*** Input data Section Begins ***

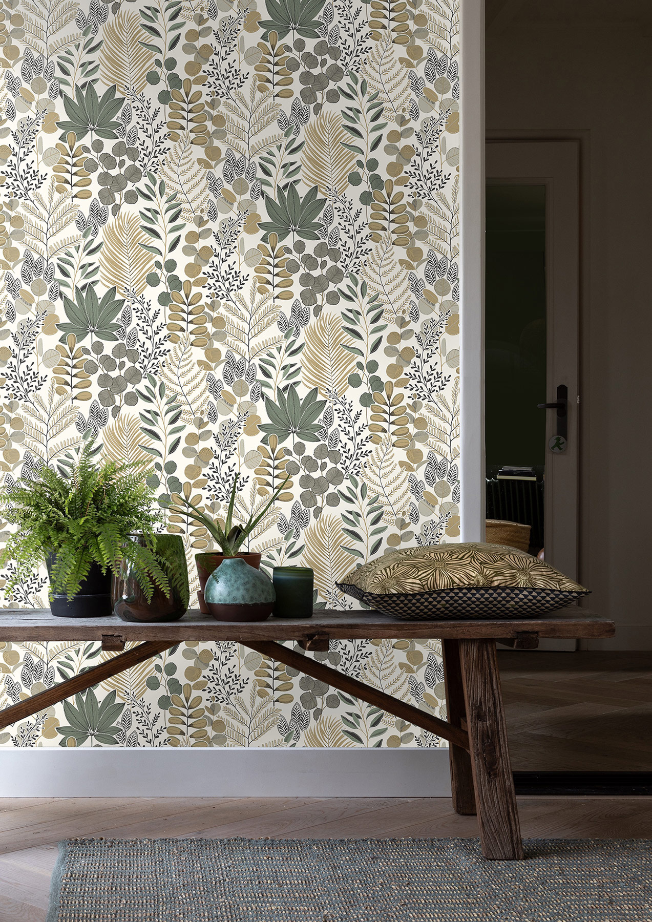 In Puncto Wandgestaltung hat sich das Blatt gewendet. Verschiedenste Blätter in warmen Farbtönen von Grün und Braun bilden eine stillvolle und lebendige Collage an der Wand. Der weiße Hintergrund mit der edlen Textilstruktur bildet den passenden Rahmen.
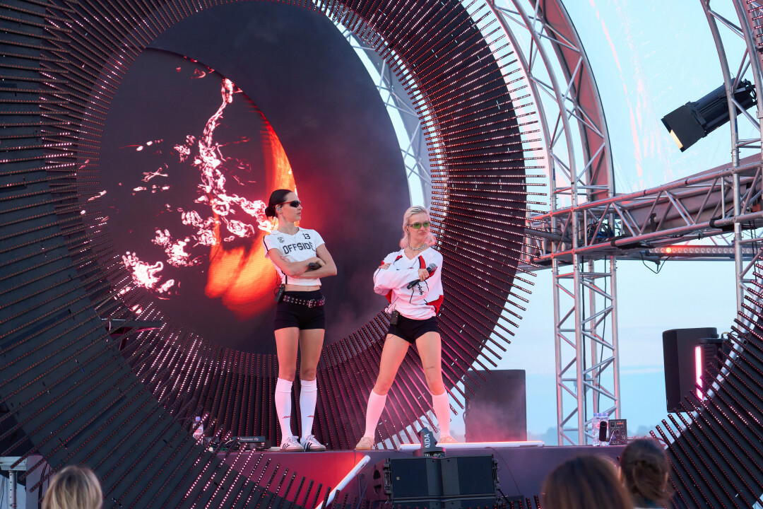 До 16:00 наблюдаем людей с печальными физиономиями, обсуждающих наполненность феста: «Ну, тут тухловато, согласись?» Положение спасает электронный дуэт LOVANDA. Правильно смешанный коктейль из нео-попа, хип-хопа, диско, хауса и джаза приковывает внимание уже было заскучавшей публики к главной сцене фестиваля.
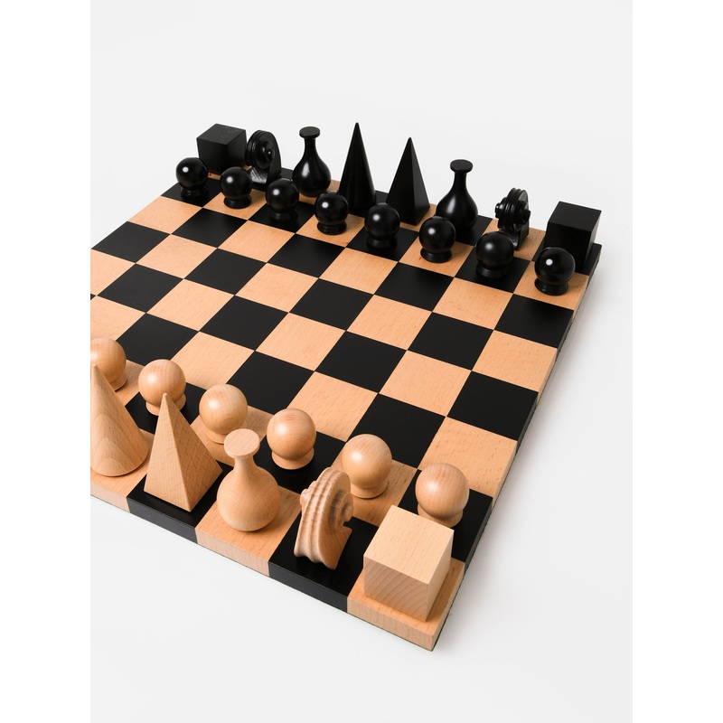 DESCRIPTION:A 1920s-inspired chess set made from solid beech wood with geometric pieces.FEATURES:Includes: Board + 32 Playing PiecesTwo-Tone DesignMaterial: Beech WoodDimensions: 17 in. x 17 in. x 0.75 in.Designed by Dada-Surrealist Artist Man Ray

*** Input data Section Ends ***

> [Work required]:
Retype all the data exactly, please, without pictures.

> [Solution]:
 In Puncto Wandgestaltung hat sich das Blatt gewendet. Verschiedenste Blätter in warmen Farbtönen von Grün und Braun bilden eine stillvolle und lebendige Collage an der Wand. Der weiße Hintergrund mit der edlen Textilstruktur bildet den passenden Rahmen.
 До 16:00 наблюдаем людей с печальными физиономиями, обсуждающих наполненность феста: «Ну, тут тухловато, согласись?» Положение спасает электронный дуэт LOVANDA. Правильно смешанный коктейль из нео-попа, хип-хопа, диско, хауса и джаза приковывает внимание уже было заскучавшей публики к главной сцене фестиваля.
 DESCRIPTION:A 1920s-inspired chess set made from solid beech wood with geometric pieces.FEATURES:Includes: Board + 32 Playing PiecesTwo-Tone DesignMaterial: Beech WoodDimensions: 17 in. x 17 in. x 0.75 in.Designed by Dada-Surrealist Artist Man Ray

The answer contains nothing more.